### AVAILABLE RECORDS
== Segment start ==
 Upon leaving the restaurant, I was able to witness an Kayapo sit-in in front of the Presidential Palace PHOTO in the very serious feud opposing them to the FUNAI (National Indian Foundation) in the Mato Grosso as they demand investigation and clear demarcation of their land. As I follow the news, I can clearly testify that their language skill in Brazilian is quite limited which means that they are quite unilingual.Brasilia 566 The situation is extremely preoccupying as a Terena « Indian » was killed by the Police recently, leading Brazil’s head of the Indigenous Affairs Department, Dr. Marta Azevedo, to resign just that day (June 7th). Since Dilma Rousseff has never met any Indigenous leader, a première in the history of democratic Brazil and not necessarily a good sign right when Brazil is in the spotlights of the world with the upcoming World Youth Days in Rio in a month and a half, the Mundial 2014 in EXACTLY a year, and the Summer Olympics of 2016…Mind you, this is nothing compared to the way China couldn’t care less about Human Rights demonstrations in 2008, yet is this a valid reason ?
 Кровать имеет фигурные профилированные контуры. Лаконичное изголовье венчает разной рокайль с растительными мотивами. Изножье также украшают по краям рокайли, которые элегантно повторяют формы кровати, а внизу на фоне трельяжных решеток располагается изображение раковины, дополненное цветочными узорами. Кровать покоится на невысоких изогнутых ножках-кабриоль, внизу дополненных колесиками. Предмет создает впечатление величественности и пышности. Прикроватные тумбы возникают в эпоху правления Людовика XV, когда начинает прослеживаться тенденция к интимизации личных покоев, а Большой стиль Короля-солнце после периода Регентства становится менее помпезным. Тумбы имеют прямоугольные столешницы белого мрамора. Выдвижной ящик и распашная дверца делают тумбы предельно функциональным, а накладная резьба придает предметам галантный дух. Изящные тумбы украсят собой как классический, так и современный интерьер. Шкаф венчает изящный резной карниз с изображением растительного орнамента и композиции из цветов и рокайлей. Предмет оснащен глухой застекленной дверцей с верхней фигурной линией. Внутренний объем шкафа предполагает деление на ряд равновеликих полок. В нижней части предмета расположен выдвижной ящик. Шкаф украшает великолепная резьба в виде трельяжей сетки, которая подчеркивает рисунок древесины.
== Segment end ==
== Segment start ==
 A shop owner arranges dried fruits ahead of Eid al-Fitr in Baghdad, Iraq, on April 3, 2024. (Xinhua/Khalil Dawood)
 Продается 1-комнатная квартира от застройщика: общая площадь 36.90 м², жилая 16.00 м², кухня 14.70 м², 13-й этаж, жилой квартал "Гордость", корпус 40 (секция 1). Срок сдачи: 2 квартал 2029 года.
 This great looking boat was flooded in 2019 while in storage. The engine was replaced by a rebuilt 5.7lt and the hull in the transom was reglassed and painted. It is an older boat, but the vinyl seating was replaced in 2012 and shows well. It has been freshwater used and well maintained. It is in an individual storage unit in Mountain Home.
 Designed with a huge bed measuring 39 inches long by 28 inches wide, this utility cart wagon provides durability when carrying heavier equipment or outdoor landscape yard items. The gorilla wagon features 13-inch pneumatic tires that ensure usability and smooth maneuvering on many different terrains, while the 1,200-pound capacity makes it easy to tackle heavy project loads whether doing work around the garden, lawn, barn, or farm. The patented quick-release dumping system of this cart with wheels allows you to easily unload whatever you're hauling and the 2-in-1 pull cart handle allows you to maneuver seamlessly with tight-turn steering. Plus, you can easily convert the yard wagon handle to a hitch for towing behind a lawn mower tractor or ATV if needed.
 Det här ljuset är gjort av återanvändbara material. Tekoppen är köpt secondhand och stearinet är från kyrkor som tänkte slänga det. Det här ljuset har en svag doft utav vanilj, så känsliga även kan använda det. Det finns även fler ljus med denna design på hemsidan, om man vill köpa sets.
== Segment end ==
### DESCRIPTION OF THE TASK
All that is wanted is the stretch of lines above from the one containing "This great looking" through the one containing "Designed with a", duplicated exactly.

### REPLY
 This great looking boat was flooded in 2019 while in storage. The engine was replaced by a rebuilt 5.7lt and the hull in the transom was reglassed and painted. It is an older boat, but the vinyl seating was replaced in 2012 and shows well. It has been freshwater used and well maintained. It is in an individual storage unit in Mountain Home.
 Designed with a huge bed measuring 39 inches long by 28 inches wide, this utility cart wagon provides durability when carrying heavier equipment or outdoor landscape yard items. The gorilla wagon features 13-inch pneumatic tires that ensure usability and smooth maneuvering on many different terrains, while the 1,200-pound capacity makes it easy to tackle heavy project loads whether doing work around the garden, lawn, barn, or farm. The patented quick-release dumping system of this cart with wheels allows you to easily unload whatever you're hauling and the 2-in-1 pull cart handle allows you to maneuver seamlessly with tight-turn steering. Plus, you can easily convert the yard wagon handle to a hitch for towing behind a lawn mower tractor or ATV if needed.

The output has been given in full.